Flags: needinfo?(lhansen)
Summary: Perma tests/jit-test/jit-test/tests/wasm/large-memory.js | Unknown (code -11, args "--ion-eager --ion-offthread-compile=off --more-compartments") [0.0 s] → Perma tests/jit-test/jit-test/tests/wasm/large-memory.js | Unknown (code -11, args "--ion-eager --ion-offthread-compile=off --more-compartments") [0.0 s] | (code 138, args "--ion-eager --ion-offthread-compile=off --more-compartments") [0.2 s]
Assignee: nobody → lhansen
Status: NEW → ASSIGNED
Priority: P5 → P3
Component: JavaScript Engine → Javascript: WebAssembly

To summarize:

jit-test/tests/wasm/large-memory.js fails with what appears to be a SIGSEGV on MacOS 11 x64 and on Android 8 arm64. This test was not changed by the memory64 patch set so something got perturbed in a way to make this fail. This could be a code bug or the introduction of a concurrent test case that causes turbulence.

If the systems are underprovisioned on real memory or swap then the huge memory demands from the jit-test/tests/wasm/memory64/basic.js test that could be running concurrently could in principle cause some overcommit issues, but that's not a completely obvious candidate.

Both failing builds are opt builds, but this could be happenstance - not sure if non-opt builds are even running on these devices. It looks like the failure appears with various command line parameters. In particular, it also occurs with --disable-wasm-huge-memory.

Not able to repro the mac failure locally, but I have a MBP with a newer OS and lots of RAM so that's not much data. With a full jit-test --tbpl run, memory use on the system never got very high at all.

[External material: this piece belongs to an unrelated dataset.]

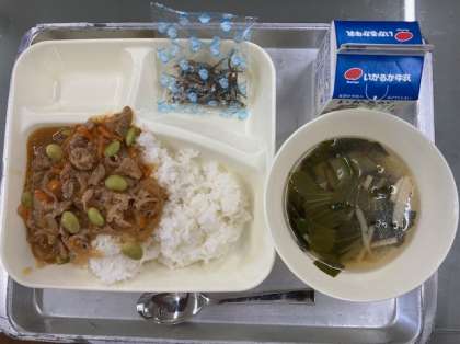 献立は、ピリ辛丼、中華スープ、ミニフィッシュ、牛乳です。

The next step here would probably be to disable jit-test/tests/wasm/memory64/basic.js on the affected devices to see if that makes any difference on the outcome of the other test. If it does, the problem has to do with the provisioning of the test systems. If it does not, the memory64 patch introduced a bug.

Flags: needinfo?(lhansen)

Set release status flags based on info from the regressing bug 1727084

Disabling basic.js didn't reproduce the Windows ccov failure but macOS and Android persisted.

Yeah. I found another problem last night that may be the cause of the present bug, will test that this morning.

I can't repro locally with the failing artifact, and the other bug I thought might be connected almost certainly isn't, so I'm going to have to bisect this on try in the hope of tracking down some non-obvious problem. I will update this comment as I progress.

Range of updates:

Newest:
changeset: ______:80388e7f335c
user: Lars T Hansen <lhansen@mozilla.com>
date: Mon Oct 18 09:58:16 2021 +0000
summary: Bug 1727084 - Memory64 - Test cases and testing code. r=yury
Try run on that patch: https://treeherder.mozilla.org/jobs?repo=try&revision=eeb728b75e64e981f8032344d14a599dd60f64a4 shows (last entry for "OS X 11 WebRender Shippable") the desired failure

changeset: ______:13ee9674ee35
user: Lars T Hansen <lhansen@mozilla.com>
date: Mon Oct 18 09:58:14 2021 +0000
summary: Bug 1727084 - Memory64 - Bulk memory operations. r=yury
Try run on that patch: https://treeherder.mozilla.org/jobs?repo=try&revision=42ec18a0685d80b97690f133693826e914920e94&selectedTaskRun=YVqRvipjQ5utWHMJ64OhRA.0 shows the desired failure.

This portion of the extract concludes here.